Two years? Three Years? Five years of waiting for a family physician? And this is just a fraction of the responses I got. I know that it's not JUST military spouses dealing with the shortage of family physicians, but military families often move every two or three years. That means each move is a new fight, a new waiting list, a new wait time for provincial health cards and a new physician-patient relationship. And let's be honest, it is NOT FUN having a routine female health exam by a complete stranger. Some families seem to have better luck than others, with no wait times at all, but the vast majority of spouses who responded had long waits and very little choice in which practice they ended up with.

Don't bother clicking...not accepting
new patients here!
Another spouse brought up a different side of things--namely trying to get medical care in your own language. French speaking Canadians in English provinces (and visa versa) have great difficulty even communicating with their doctors. One spouse commented, "I have to take someone with me to translate the personal information that is discussed, and depending on the appointment or the seriousness of it, they would even have to come into the room with me for the tests." Military spouses do not get to choose where they live.
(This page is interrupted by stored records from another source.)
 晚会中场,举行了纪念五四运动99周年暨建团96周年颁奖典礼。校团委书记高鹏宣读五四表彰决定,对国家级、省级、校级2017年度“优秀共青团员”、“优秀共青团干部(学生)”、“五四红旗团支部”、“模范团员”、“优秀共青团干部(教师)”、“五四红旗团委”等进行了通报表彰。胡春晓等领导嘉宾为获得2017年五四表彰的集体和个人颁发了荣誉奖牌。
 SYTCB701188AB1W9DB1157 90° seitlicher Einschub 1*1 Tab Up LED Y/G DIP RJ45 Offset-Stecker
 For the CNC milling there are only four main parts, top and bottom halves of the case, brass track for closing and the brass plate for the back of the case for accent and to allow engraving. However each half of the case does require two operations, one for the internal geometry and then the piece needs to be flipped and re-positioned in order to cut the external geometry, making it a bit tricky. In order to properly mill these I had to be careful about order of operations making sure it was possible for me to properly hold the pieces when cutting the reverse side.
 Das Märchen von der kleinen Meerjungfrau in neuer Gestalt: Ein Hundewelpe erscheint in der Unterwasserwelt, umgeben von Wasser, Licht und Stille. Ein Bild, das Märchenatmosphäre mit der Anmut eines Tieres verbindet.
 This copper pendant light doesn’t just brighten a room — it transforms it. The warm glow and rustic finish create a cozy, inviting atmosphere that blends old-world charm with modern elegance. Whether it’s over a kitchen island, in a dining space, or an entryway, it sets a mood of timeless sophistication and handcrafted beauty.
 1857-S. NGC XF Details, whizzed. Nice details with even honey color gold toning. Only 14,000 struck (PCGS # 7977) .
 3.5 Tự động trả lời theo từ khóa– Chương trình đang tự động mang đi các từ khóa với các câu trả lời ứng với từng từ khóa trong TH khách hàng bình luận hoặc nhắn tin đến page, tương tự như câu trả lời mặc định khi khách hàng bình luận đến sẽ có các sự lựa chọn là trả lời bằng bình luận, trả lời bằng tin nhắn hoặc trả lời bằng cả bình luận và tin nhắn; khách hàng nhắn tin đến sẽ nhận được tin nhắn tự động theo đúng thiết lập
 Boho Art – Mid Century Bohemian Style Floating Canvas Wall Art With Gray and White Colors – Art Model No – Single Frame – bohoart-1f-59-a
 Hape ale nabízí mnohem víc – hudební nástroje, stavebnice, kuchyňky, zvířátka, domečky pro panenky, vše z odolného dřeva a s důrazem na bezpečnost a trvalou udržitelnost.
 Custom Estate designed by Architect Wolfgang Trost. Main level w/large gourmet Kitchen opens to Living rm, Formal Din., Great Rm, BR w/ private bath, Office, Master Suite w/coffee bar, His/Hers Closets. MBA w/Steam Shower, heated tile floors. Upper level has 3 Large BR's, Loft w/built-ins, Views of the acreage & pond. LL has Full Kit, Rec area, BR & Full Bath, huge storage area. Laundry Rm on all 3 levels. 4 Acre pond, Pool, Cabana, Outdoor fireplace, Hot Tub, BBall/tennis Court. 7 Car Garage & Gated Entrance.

But, like every Canadian, they should have the option to receive health care services in both/either of the two official languages.

Thankfully, the Canadian Forces are taking baby steps to make health care more accessible to military families and have opened several CF family medical clinics on bases like 14 Wing Greenwood to facilitate the process. Unfortunately some of these base clinics have been forced to close, due to lack of family practitioners to staff them.
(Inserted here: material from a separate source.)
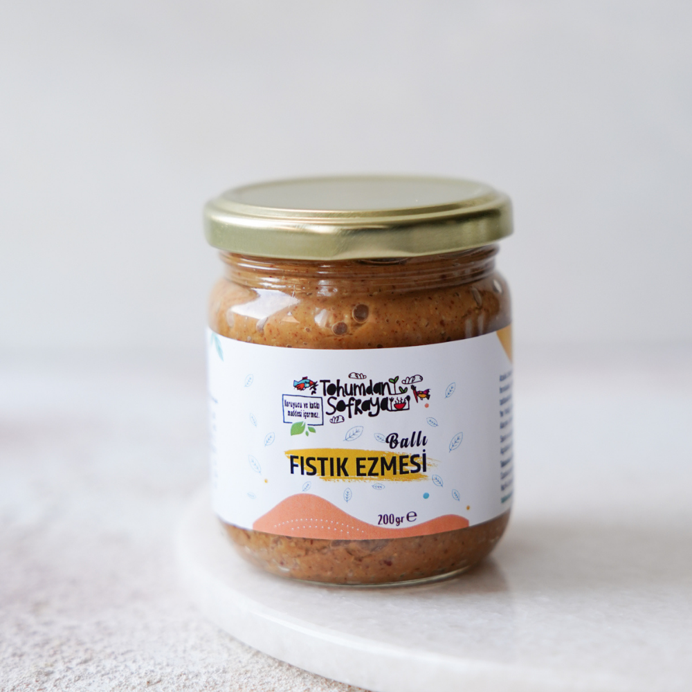 Tohumdan Sofraya Ballı Fıstık Ezmesi, parçacıklı kıvamı ile gerçek mercan fıstığı ve doğal çam balı dışında başka hiçbir şey içermez. Neden Tohumdan Sofraya Fıstık Ezmesi? Atalık tohum inadımızı bilenler biliyor. Fıstık ezmesi, Tohumdan Sofraya mutfağının ilk göz ağrılarından biri olduğu için, bu besleyici ezme için de fıstıkların en iyisini kullanmak istedik, Ege bölgesinde bulabileceğimiz en iyi fıstıkların peşine düştük. İşte Bayramiç mercan fıstığı ile böyle tanıştık. Kıymetli atalık tohumlardan ve sadece doğal tarım yöntemleri ile üretilen mercan fıstığı, Çanakkale Bayramiç bölgesinde çok verimli bir şekilde üretilebiliyordu. Bu değerli tohumların yaşatılması ve mutfağımızda bol yağlı, besin değeri yüksek, kaliteli fıstıklardan kullanabilmemiz için, çiftçilerimizle anlaştık ve her yıl, fıstık ezmesi kavanozlarımızı dolduracak kadar mercan fıstığı ektirmeye başladık. Ballı Fıstık Ezmesi, parçacıklı kıvama kavuşması için minik miktarlarda yavaş bir şekilde işleniyor. Gerçek mercan fıstığı ve çam balının birleştirilmesiyle meydana gelen Ballı Fıstık Ezmesi, şeker de dahil olmak üzere başka hiçbir bileşen içermiyor. Ballı Fıstık Ezmesinde kullandığımız bal da, fıstıkların kalitesine yaraşır kalitede olmalıydı. Bu yüzden Kazdağları’nda gezici kovanlardan elde edilen zehirsiz ve şeker ilavesiz çam balını tercih ettik. Gerçek çam kokusunu üzerinde taşıyan ve rayihası yüksek bir bal olan çam balımız, geleneksel arıcılık yöntemleri ile, arıların yaptığı doğal peteklerden elde ediliyor ve fıstık ezmemizle bir araya geldiğinde harikalar yaratıyor.

Another step in the right direction, in Ontario provincially insured services now have the wait time waived for CF family members.

Better, but still a big problem.

An American friend of mine commented, "I'm American, a military spouse for 15 years now...never had an issue finding a doctor who would accept our family. We've moved 15 times or so. The only time we avoided the potential to not have a Dr. was when we did the exchange tour to Nova Scotia. We lucked out (or "in" as Canadians say!) and the same Dr. who was seeing the family we were to replace took us on as we were the same number of people in our family. I always felt guilty because I knew many of our neighbors (Canadian military families) who didn't have one."

Wow. She felt guilty for actually having a family physician? You know there is a problem when...

Anyway...as for me, my medical appointment last week was quick and relatively painless, and I left minus 3 vials of blood and with three extra specialist referrals in my hands. I was pretty lucky. I bought myself a treat, had a coffee and came home. Who knows where and when my next family physician visit will happen? Will I even see this doctor again? Or will it be the same, tedious search for a new doctor in a different town? Province? Country?

I have no idea.

There's no life like it. 

What about you? Have you ever had to find a new physician as a result of a move?